[Material shown]
-=-=-=-=-

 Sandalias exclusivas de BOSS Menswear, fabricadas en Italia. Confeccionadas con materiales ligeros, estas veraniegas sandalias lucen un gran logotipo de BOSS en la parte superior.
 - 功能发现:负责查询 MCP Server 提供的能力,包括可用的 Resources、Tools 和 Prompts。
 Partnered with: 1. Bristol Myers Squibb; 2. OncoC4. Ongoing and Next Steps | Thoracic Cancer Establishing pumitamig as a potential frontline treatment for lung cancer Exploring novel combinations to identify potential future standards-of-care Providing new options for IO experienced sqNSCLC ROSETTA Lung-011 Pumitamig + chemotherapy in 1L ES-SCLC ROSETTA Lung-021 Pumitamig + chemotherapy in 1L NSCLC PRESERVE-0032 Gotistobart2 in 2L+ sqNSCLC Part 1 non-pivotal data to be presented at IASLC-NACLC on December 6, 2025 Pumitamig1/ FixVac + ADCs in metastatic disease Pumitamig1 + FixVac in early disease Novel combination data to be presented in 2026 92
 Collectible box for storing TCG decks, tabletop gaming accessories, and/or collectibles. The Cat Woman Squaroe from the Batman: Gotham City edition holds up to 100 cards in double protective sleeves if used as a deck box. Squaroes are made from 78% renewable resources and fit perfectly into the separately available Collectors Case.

-=-=-=-=-

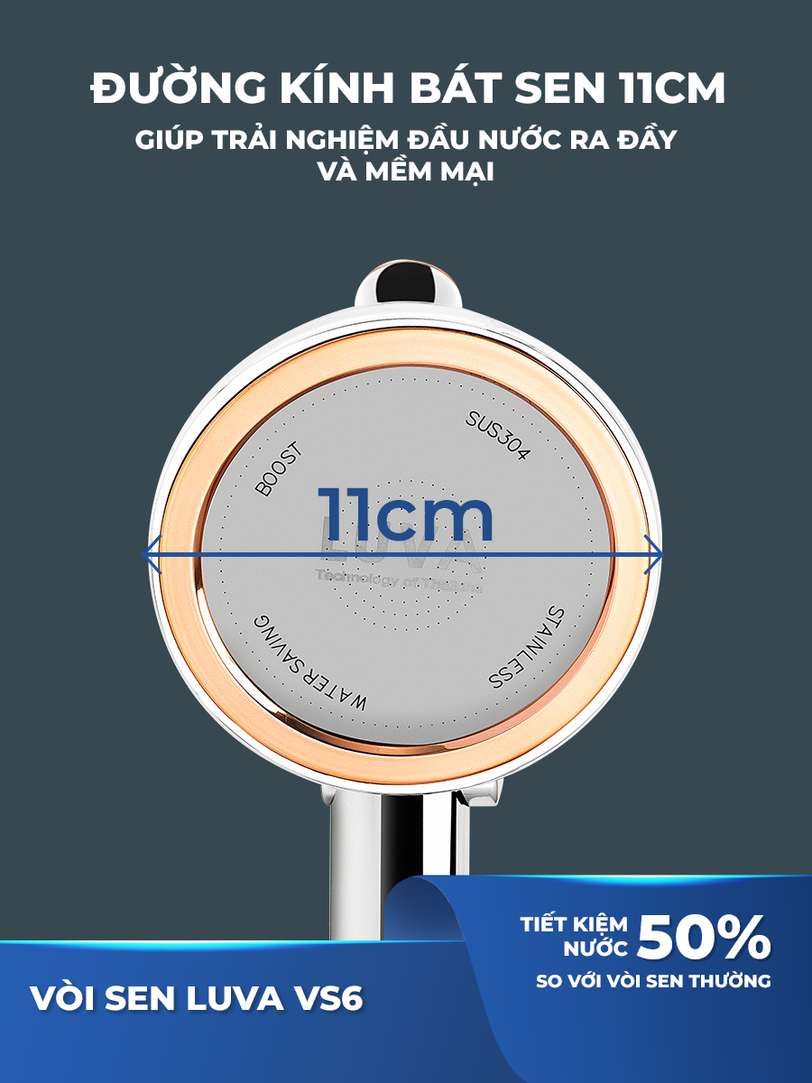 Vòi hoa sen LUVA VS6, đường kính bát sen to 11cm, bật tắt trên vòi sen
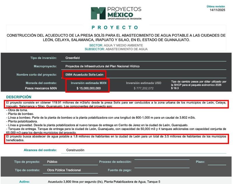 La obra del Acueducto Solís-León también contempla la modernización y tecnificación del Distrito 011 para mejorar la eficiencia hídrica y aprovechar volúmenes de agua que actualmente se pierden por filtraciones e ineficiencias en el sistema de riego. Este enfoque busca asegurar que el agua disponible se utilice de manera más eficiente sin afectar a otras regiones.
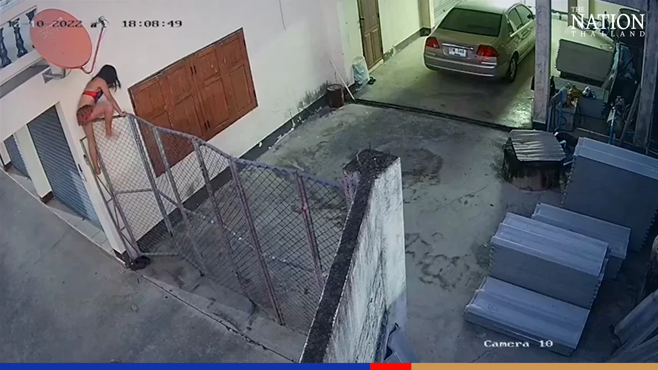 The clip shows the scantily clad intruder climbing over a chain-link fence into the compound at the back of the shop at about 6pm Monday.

-=-=-=-=-

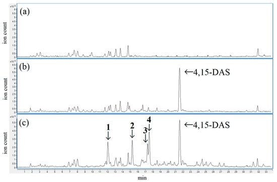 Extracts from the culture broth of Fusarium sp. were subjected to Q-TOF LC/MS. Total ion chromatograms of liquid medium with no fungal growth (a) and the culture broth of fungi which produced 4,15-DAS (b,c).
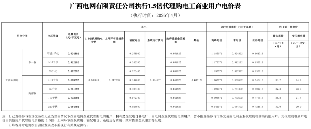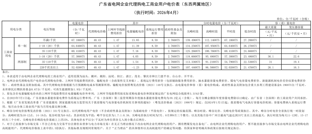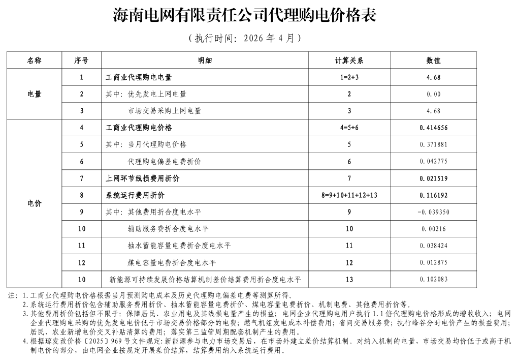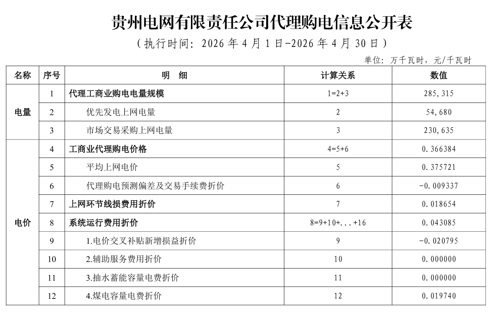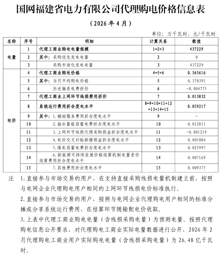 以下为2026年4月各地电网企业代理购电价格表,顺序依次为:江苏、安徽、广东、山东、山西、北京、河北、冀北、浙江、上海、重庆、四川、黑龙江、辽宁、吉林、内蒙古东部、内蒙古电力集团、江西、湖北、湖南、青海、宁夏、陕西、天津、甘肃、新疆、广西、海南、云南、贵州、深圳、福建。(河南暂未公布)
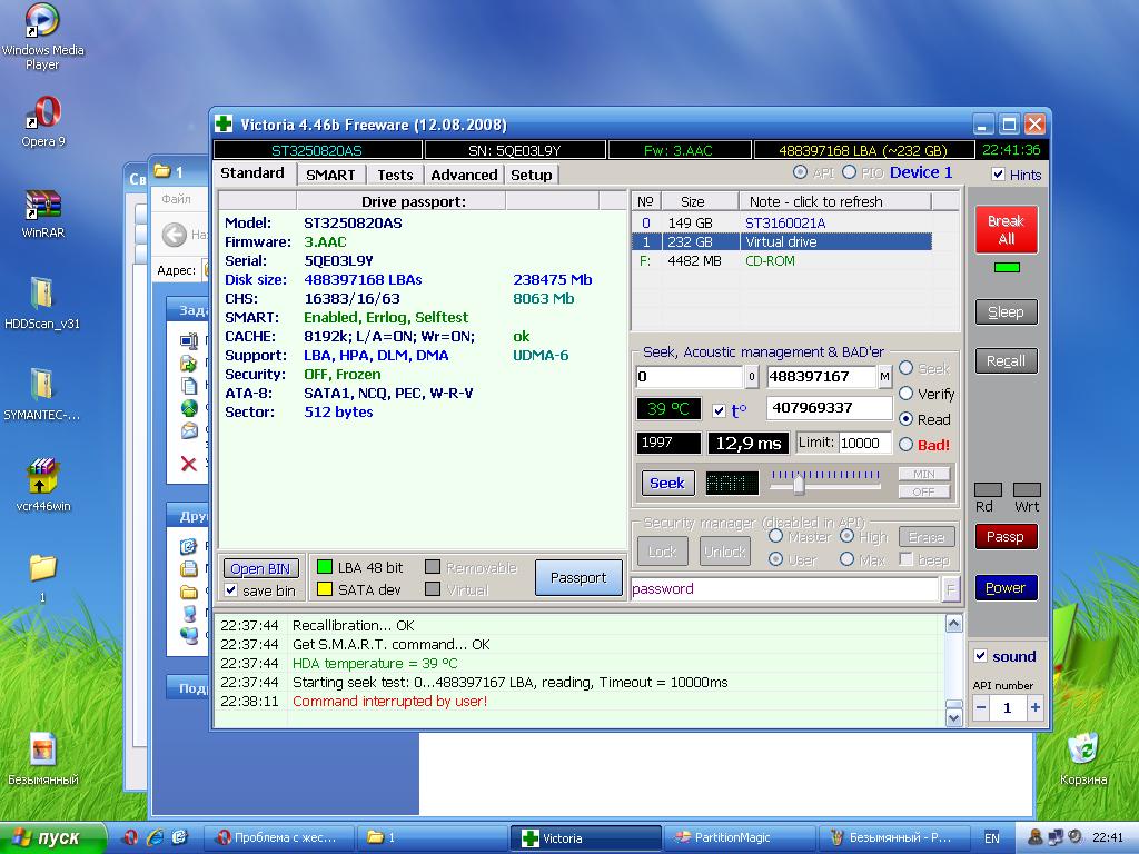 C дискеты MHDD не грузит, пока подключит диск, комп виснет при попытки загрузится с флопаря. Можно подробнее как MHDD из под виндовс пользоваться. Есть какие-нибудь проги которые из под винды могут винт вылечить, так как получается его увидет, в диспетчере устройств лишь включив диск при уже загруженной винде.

-=-=-=-=-

[Exercise details]
In the listing above, find the line with "Sandalias exclusivas de" and the line with "- 功能发现:负责查询 MCP", then print exactly those two lines and every line between them, and nothing more.

[Exercise output]
 Sandalias exclusivas de BOSS Menswear, fabricadas en Italia. Confeccionadas con materiales ligeros, estas veraniegas sandalias lucen un gran logotipo de BOSS en la parte superior.
 - 功能发现:负责查询 MCP Server 提供的能力,包括可用的 Resources、Tools 和 Prompts。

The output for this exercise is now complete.